I don't think AI will be all that helpful wrt. this kind of effort, but it might help in some limited ways.

The main bottleneck is having the libraries that define the theorems and objects you need to operate at those levels. Everything is founded on axiomatic foundations and you need to build all of maths on top of that. Projects like mathlib are getting us there but it is a massive undertaking.

It’s not just that it is a lot of maths to go through, it’s also that most maths has not really been proven to this degree of exactitude and there is much gap-filling to do when trying to translate existing proofs, or the reasoning style might be quite distant to how things are expressed in Lean. Some maths fields are also self-consistent islands that haven’t been yet connected to the common axiomatic foundations, and linking them is a serious research endeavor.

Although Lean does allow you to declare theorems as axioms. It is not common practice, but you can skip high up the abstraction ladder and set up a foundation up there if you are confident those theorems are correct. But still defining those mathematical objects can be quite hard on its own, even if you skip the proving.

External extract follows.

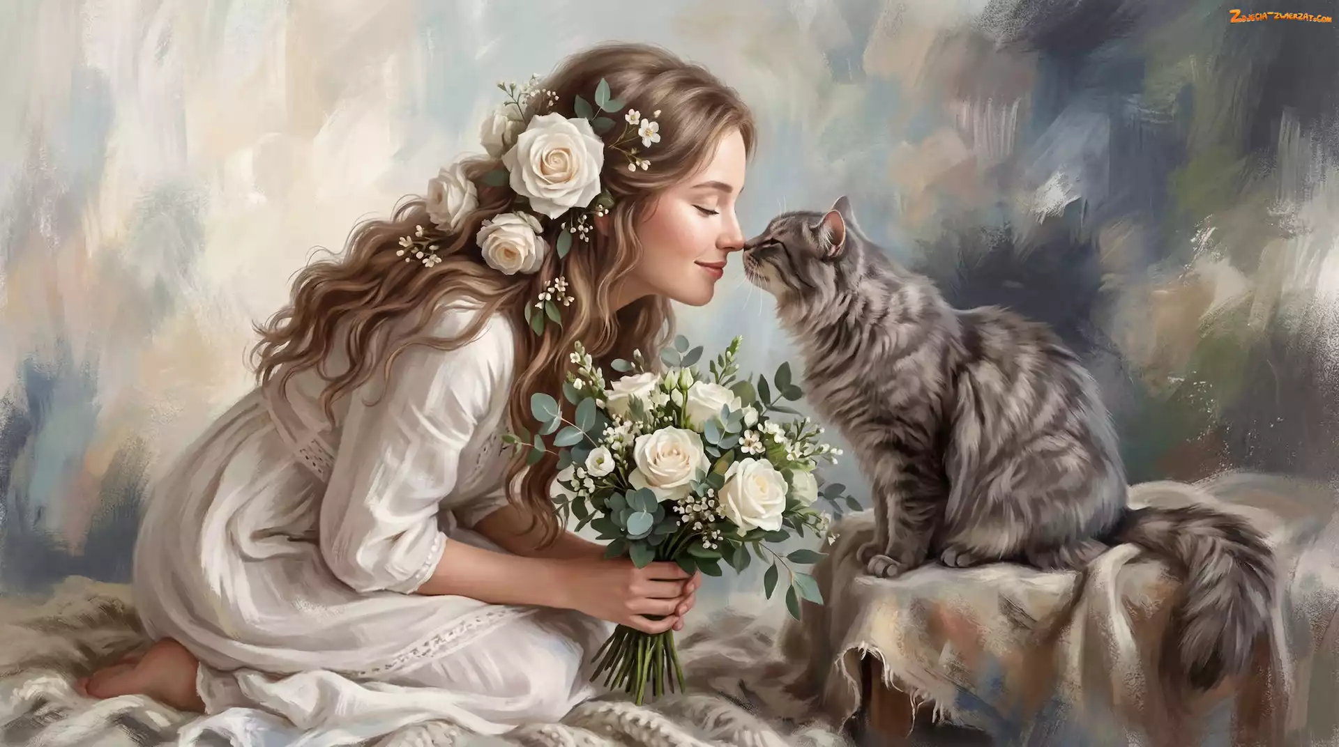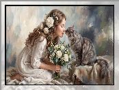 Kot, Róże, Grafika, Dziewczyna, Kwiaty

Anyways, the complexity of the Lean language itself doesn’t help either. The mode of thinking you need to have to operate it is much closer to programming than maths, and for those that think that the Rust borrow-checker is a pain, this is an order of magnitude more complex.

Lean was a significant improvement in ergonomics compared to the previous generation (Coq, Isabelle, Agda…), but still I think there is a lot of work to be done to make it mathematician-friendly.

Most reinforcement-learning AI for maths right now is focused on olympiad problems, hard but quite low in the maths abstraction ladder. Often they don’t even create a proof, they just solve problems that end with an exact result and you just check that. Perhaps the reasoning was incorrect, but if you do it for enough problems you can be confident that it is not just guessing.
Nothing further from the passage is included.